A View from Christopher Mims
How Amazon Can Afford to Give Away Books, Free
Amazon makes so much on Prime that digital media has become the perfect loss leader for the company.
Amazon’s new “Kindle Owner’s Library” allows any Kindle owner who is a member of Amazon Prime to check out one book a month and keep it as long as they want. It joins Amazon’s video streaming service as one of the perks of Prime membership, which, at $80 a year, also grants members free two-day shipping on anything to come out of Amazon’s warehouses.
But how can Amazon afford to give away all this free (albeit digital) media? As Slate Technology columnist Farhad Manjoo pointed out, Amazon customers who join Prime increase their spending on the site on average $500 a year, presumably because of the free shipping.
But that’s just one of the many interlocking dynamics behind the business strategy of this announcement. Here are the rest.
1. The Netflix-ization of books.
The move to an ownership to a “rentership society” has been proceeding apace, and nowhere more rapidly than in media. Books have been a holdout, but that’s just changed. The Wall Street Journal reports that many publishers refused to participate in Amazon’s Kindle Owner’s Library for fear it would debase the value of their existing catalogs, and they’re right.
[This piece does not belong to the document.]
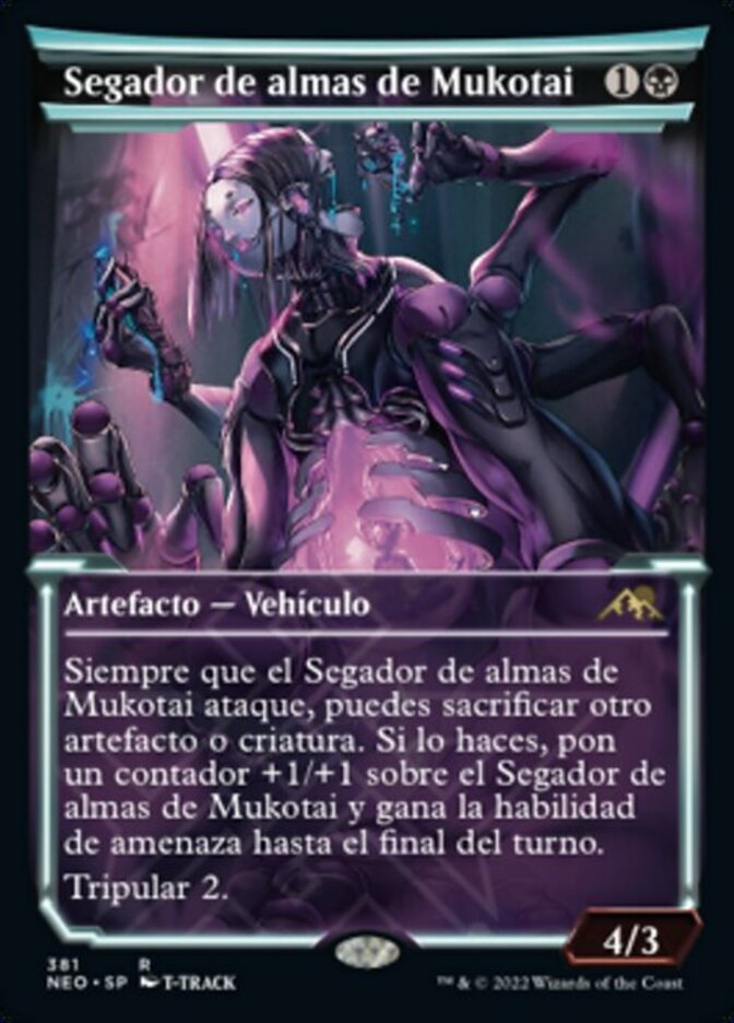 | Rules | Whenever Mukotai Soulripper attacks, you may sacrifice another artifact or creature. If you do, put a +1/+1 counter on Mukotai Soulripper and it gains menace until end of turn. Crew 2 (Tap any number of creatures you control with total power 2 or more: This Vehicle becomes an artifact creature until end of turn.) |

Just as Netflix has come to represent a threat worth doing something about for cable companies, a subscription-based lending library for e-books has the potential to turn them into a commodity for readers, who might opt for the “free” books rather than buying new.
First movies (Netflix) then music (Spotify) and now books—the entire process has a kind of inevitability to it that must be terrifying to traditional publishers.
2. Amazon could become the Hearst / Gannett / Knight Ridder of our age.
The paradox of media is that we love it so much that we can’t really afford it. The only way to pay for the enormous media diet of the average person is to subsidize that diet with advertising. News, especially, has always been subsidized.
The question everyone in the media business has been asking since the dawn of the Web is, if Web advertising can’t pay for online content, what will?
When it comes to news, when newspapers had a distribution monopoly, it was the real estate section, autos and the classifieds. Could the 21st century be one in which media are subsidized as a bolt-on to consumer goods, as in Amazon’s new scheme? Books have never been subsidized before, except through the sacrifices of their authors—maybe it’s time they should be.